The 10 games since then, while still showing improvement in terms of accuracy over previous years at 55 percent, has also shown how far along Jake has to go. Throwing 12 touchdowns to nine interceptions is part of it.

The larger part is the indecision Jake has shown when the pocket collapses, sooner rather than later as the year went on, on whether he should use his legs for the first down or try to buy more time to complete a pass.

Buying more time to complete the pass does sound like a good idea, but it has also led to Jake showing his inexperience in reading defenses and forcing in some throws.

The frustrating part for Husky fans watching these games is that Locker will have open field in front of him, the kind of open field that would have led to a 20-yard run in years past, and he will not take off, choosing to instead wait for a receiver to throw to.

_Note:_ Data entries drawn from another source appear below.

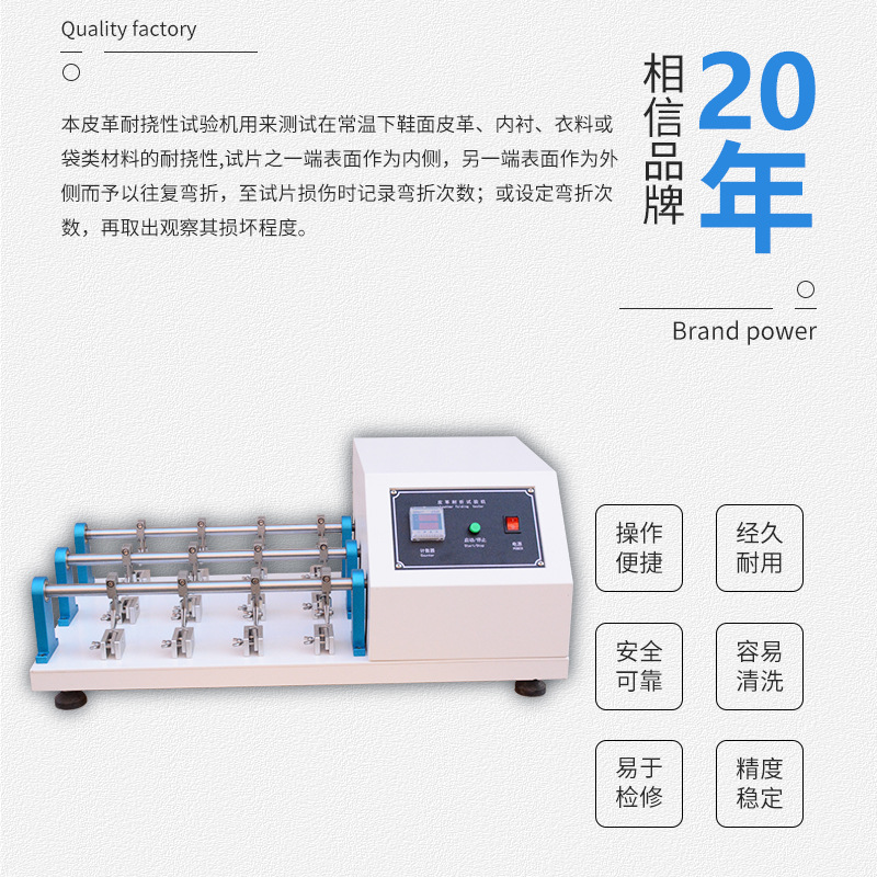 Машина для испытания на сопротивление кожаному складыванию используется для верха обуви из кожи и тонкой кожи (верхняя кожа для обуви, кожа для сумок, кожа для сумок и т. д.).
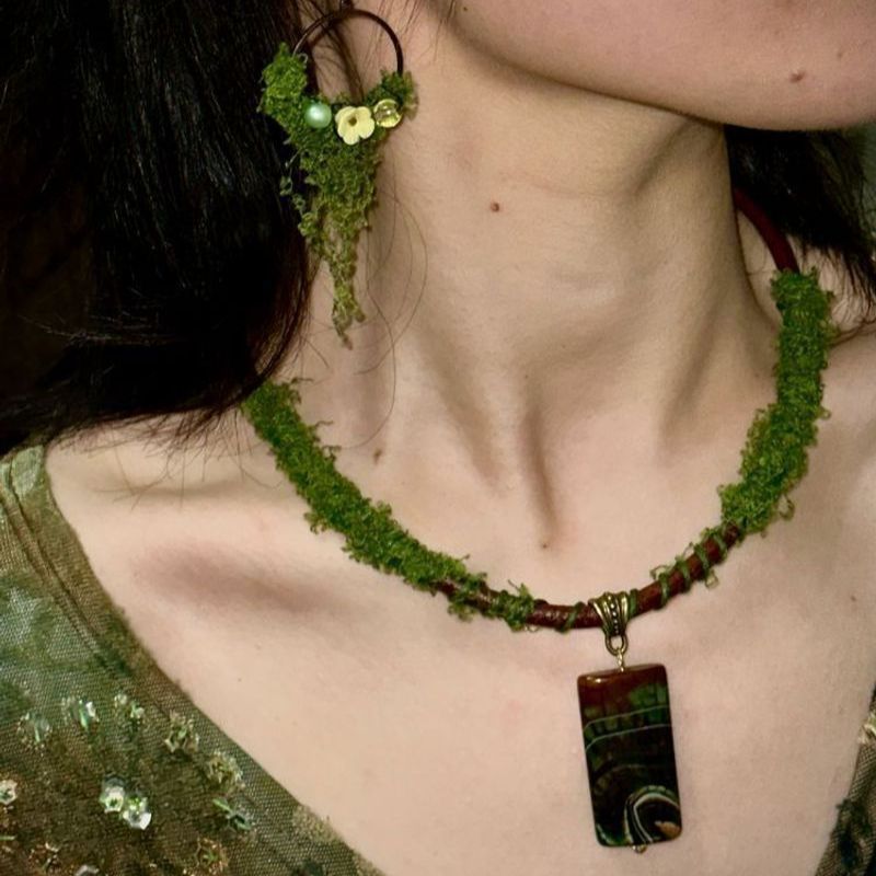 Forest Green Mix and Match Spring and Summer Accessories Personalized Creative Natural Style Earrings Necklace
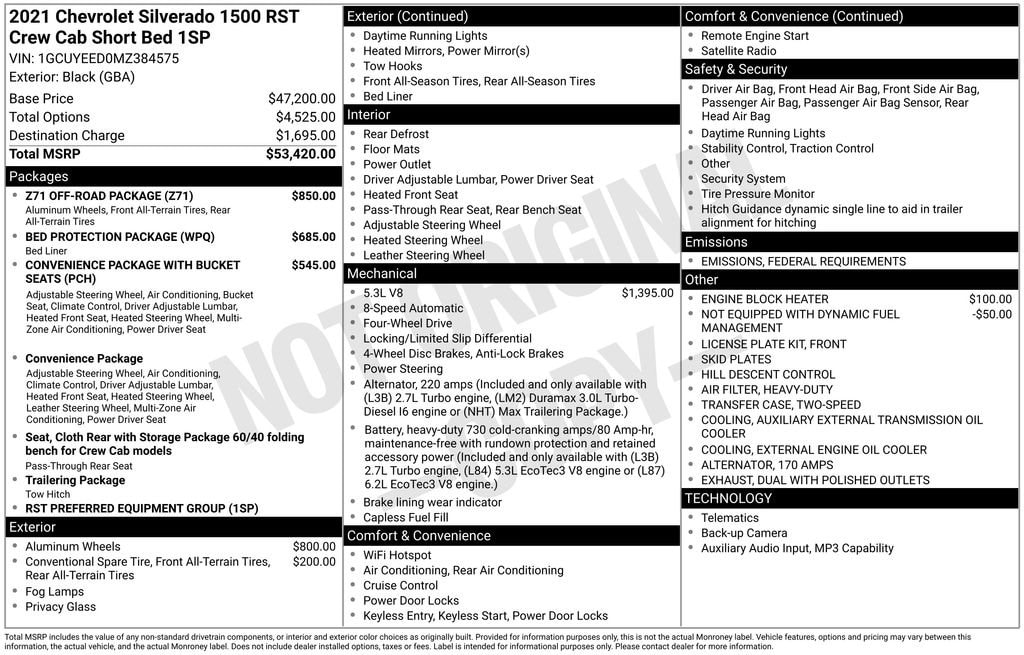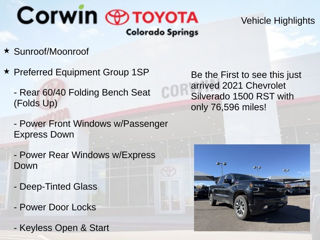 This Chevrolet Silverado 1500 is well equipped and includes the following features and benefits, Sunroof/Moonroof, 10-Way Power Driver Seat w/Lumbar, 12-Volt Rear Auxiliary Power Outlet, 2 USB Ports (First Row), 4.2" Diagonal Color Display Driver Info Center, 6-Speaker Audio System, All-Star Edition, Auto-Locking Rear Differential, Bluetooth® For Phone, Body Color Grille, Color-Keyed Carpeting Floor Covering, Compass, Convenience Package, Convenience Package w/Buckets Seats, Deep-Tinted Glass, Dual Exhaust w/Polished Outlets, Dual-Zone Automatic Climate Control, Electric Rear-Window Defogger, Electrical Lock Control Steering Column, Electronic Cruise Control, EZ Lift Power Lock & Release Tailgate, Floor Mounted Center Console, Front Bucket Seats, Front Frame-Mounted Black Recovery Hooks, Front LED Fog Lamps, Front Rubberized Vinyl Floor Mats, Heated Driver & Front Outboard Passenger Seats, Heated Steering Wheel, Heavy-Duty Air Filter, High Gloss Black Mirror Caps, Hill Descent Control, Keyless Open & Start, Leather Wrapped Steering Wheel, LED Cargo Area Lighting, Manual Tilt/Telescoping Steering Column, Off-Road Suspension, OnStar & Chevrolet Connected Services Capable, Power Door Locks, Power Front Windows w/Driver Express Up/Down, Power Front Windows w/Passenger Express Down, Power Rear Windows w/Express Down, Preferred Equipment Group 1SP, Rear 60/40 Folding Bench Seat (Folds Up), Rear Dual USB Charging-Only Ports, Rear Rubberized-Vinyl Floor Mats, Rear Vision Camera, Remote Vehicle Starter System, SiriusXM Radio, Standard Tailgate, Steering Wheel Audio Controls, Theft Deterrent System (Unauthorized Entry), Trailering Package, Z71 Off-Road Package.

It has been a constant challenge for both the coaching staff and Locker to find the right balance. On one hand you want to keep the quarterback from taking the big shots that come from running the ball, but on the other hand you want to use his athletic ability to win football games.

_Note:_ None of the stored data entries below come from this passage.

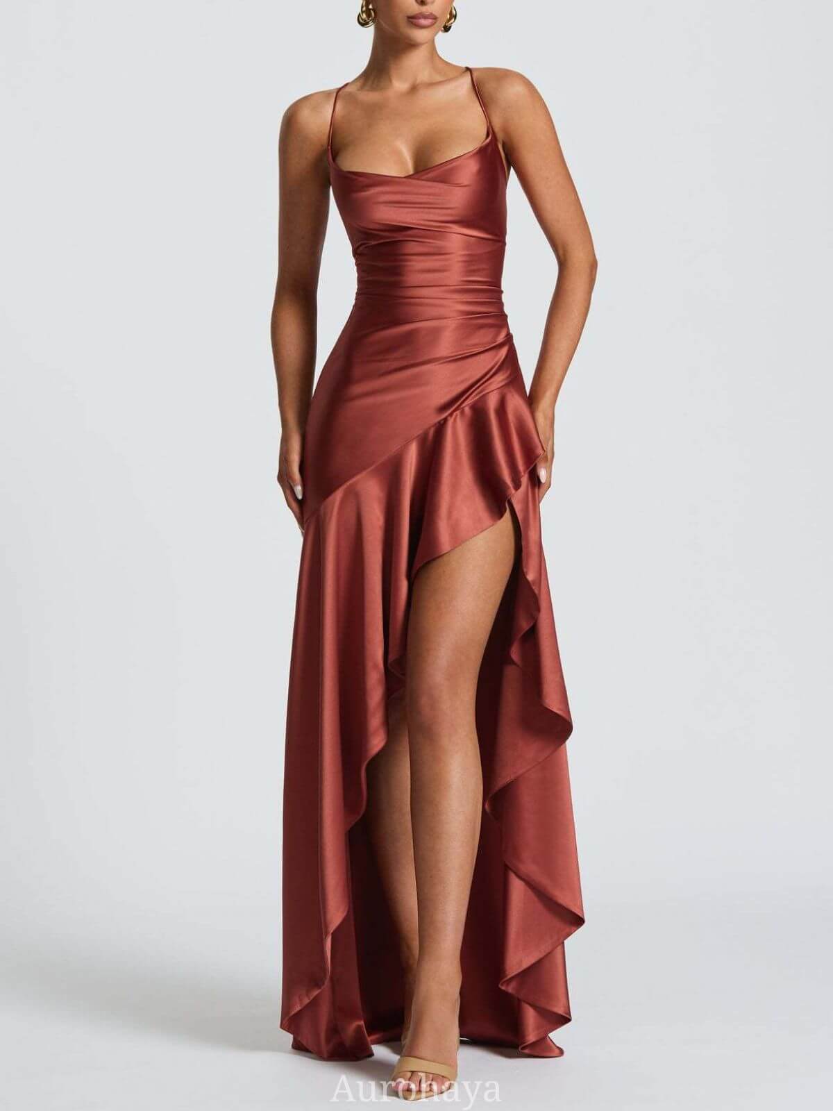 A draped thigh-high split adds a bold yet refined statement, while the irregular hem and soft ruffle detailing create graceful movement with every step. The ruched satin construction and asymmetric design make this dress ideal for evening events, formal occasions, weddings, cocktail parties, prom nights, and upscale dinners. Designed in a full maxi length, it balances sophistication with a contemporary silhouette.
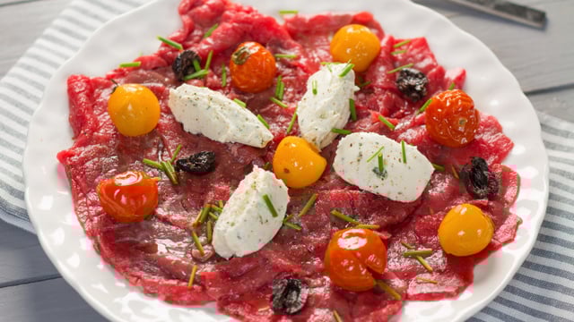 Ce carpcaccio de boeuf est parfait pour une entrée toute en fraîcheur, relevé par la force onctueuse du Tartare Ail et Fines Herbes.
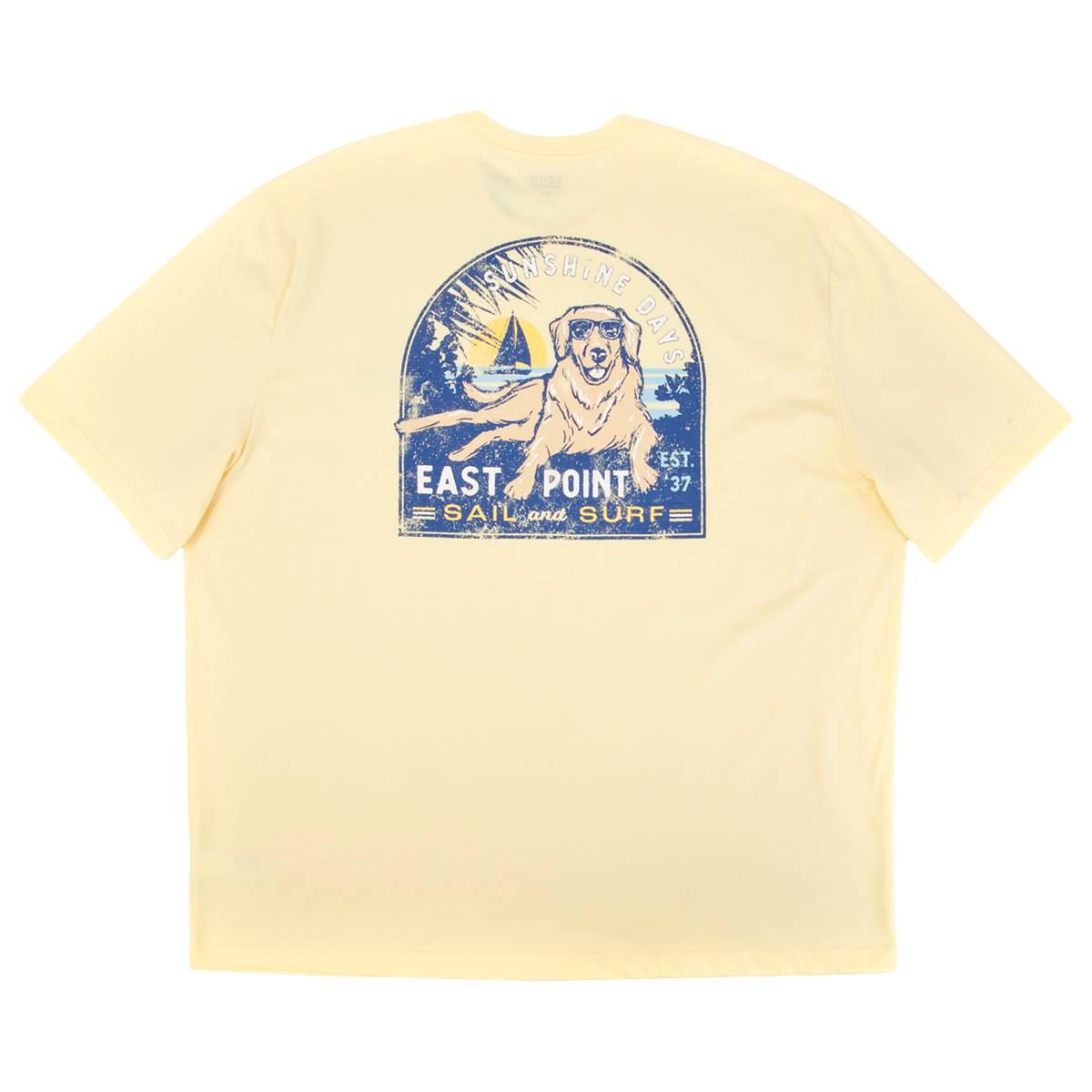 Pattern: Solid Sleeve Length: Short Sleeve Neck: Crew Ribbed Neckline "East Point, Sail & Surf" text on the front and back Dog wearing sunglasses graphic on the front and back "Sunshine Days, EST 37" text on the back Sailboat graphic with tropical accent graphics on the back.

It is clear that Locker is taking the coaching to heart, and his mindset is much more of a quarterback now than it was prior to the new staff.

The question is whether he will stick around another year to develop that balance and keep improving his passing skills, or take the NFL payday and let NFL coaches have their turn at molding him.

Being the exceptional athlete that he is, Jake has twice been drafted in the MLB draft and decided to stick with Washington and football both times. That may lead some to believe he plans on playing his full four years, as money hasn’t swayed him to leave before, but the opportunity to stay with football as well as go pro may be too much to pass up.

Regardless of Jake’s decision at the end of this season, the quarterback job might be in better hands than one would suspect.

Granted, backup Ronnie Fouch’s original appearance led to an uninspiring 45 percent completion percentage with only four touchdowns to 13 interceptions, filling in for the injured Locker in 2008.

The thing to consider is Fouch is a traditional drop-back style passer, and taking over the offense that was run in 2008 was not a good fit at all. In addition to being a true freshman with limited options, Fouch was not put in a position to succeed. The fact that No. 1 back Chris Polk was also out did not help take the pressure off of Ronnie.

The current offense Washington runs is much more to his style, and with a year to sit, watch, and learn from his coaches, there is optimism that the drop-off might not be as severe as speculated if Jake chooses to go pro.

Behind Fouch are two relative unknowns in Keith Price, who was a three-star recruit in the 2008 class, and Taylor Bean, who walked on the team during the 2007 season. Bolstering that depth, however, is a commitment from a player whose last name you might have heard once or twice: Montana.

Nick, the youngest son of Joe, is a four-star recruit and the headliner for Sarkisian’s 2010 class. A traditional drop-back passer, Montana looks to be an excellent fit for Sarkisian’s pro-style offense.

The starting job in 2010 is Jake Locker’s if he decides to return for his senior season. If he does decide to go pro, don’t expect Sarkisian to throw Montana out there as a true freshman. All signs are indicating that Sarkisian has faith in Fouch’s ability to run his offense, and that he will give Ronnie the chance to erase the painful memories from 2008 and craft a more positive legacy for himself.

Although most Washington fans feel Locker would benefit from another year at the college level, even if he goes to the NFL, the future at quarterback for Washington appears to be bright.